Basically, Elasticsearch is clay that one could mold into different shapes. Due to this, you might notice the different approaches that one takes to build a cluster. So, depending on the role, you might need to prepare or brush up on topics relevant to the Elasticsearch interview.
The Stack
As shown in the mind map, Elastic Stack is the set of building blocks (products) that interact with Elasticsearch and make up the whole experience.
Elasticsearch
Above Mindmap gives a birds-eye view of most of the Elasticsearch concepts, but it is still not complete.
Topics like Nodes, Indexes, Shards, Replication are important for any role. You also need to learn about managing, using, and designing the cluster using these concepts. Because to build a Search engine, you need to create a cluster that could take more read's or to build an Observability platform, you need to create a write-heavy or hybrid cluster. Reading theory on the above topics helps you to answer questions on scale, reliability questions in the interview.
Queries and Aggregations
There are different types of queries and aggregations as shown in the mind map. Combination of those you can search/analyze data in a lot of ways using QueryDSL. The Term, Match queries are most important as it combines both structured and unstructured querying tactics. On aggregations, Bucket, Min, Max, Avg, Rate, Range are a few to look at.
Administering the cluster
An important part of the role would be managing the cluster at scale. It'd be good to read about monitoring the cluster by using Stack Monitoring, Index Lifecycle Management, Snapshot, and Restore.
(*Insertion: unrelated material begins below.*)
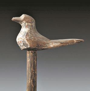 与《王杖十简》一同出土的,还有一根长约2米的彩绘木杖(现存于甘肃省博物馆),杖杆粗细均匀,鸠鸟横卧杖端,口含食粒。这是一件融合了礼制与法律的独特信物,也是国家权力的延伸。其形制有严格规定,“长九尺,端以鸠鸟为饰”。鸠鸟寓意“不噎”,寄托了对老人健康长寿的祝福,同时“鸠”通“久”,蕴含尊荣长久之意。更重要的是,简文中明确规定,王杖“比于节”,即其威严等同于天子符节,百姓“望见之”须心生敬意。木简中更有“王杖不鲜明,得更缮治之”的表述,以确保其作为法律信物的尊严永不褪色。王杖制度把对老年人的保护,用法律的形式固定了下来。

On top of it, learning about upgrades, cluster coordination layer, specific feature limits (and why?) would be an added advantage.
As a developer, developing applications by using Elasticsearch as a NoSQL storage engine. It is essential to learn about various language (REST) clients, SQL features.
As a DevOps/Security practitioner, you might be using Kibana as a window to examine but at the end of the day, it is Elasticsearch queries that are initiated from Kibana. Having a grip on Elasticsearch, you would be acing the interview for the most part. However, you could refer to Kibana Lens, Kibana Query Language (KQL), Timeseries Visual Builder topics.
These are a few minimal tips to prepare for a role that will be having a focus on Elasticsearch.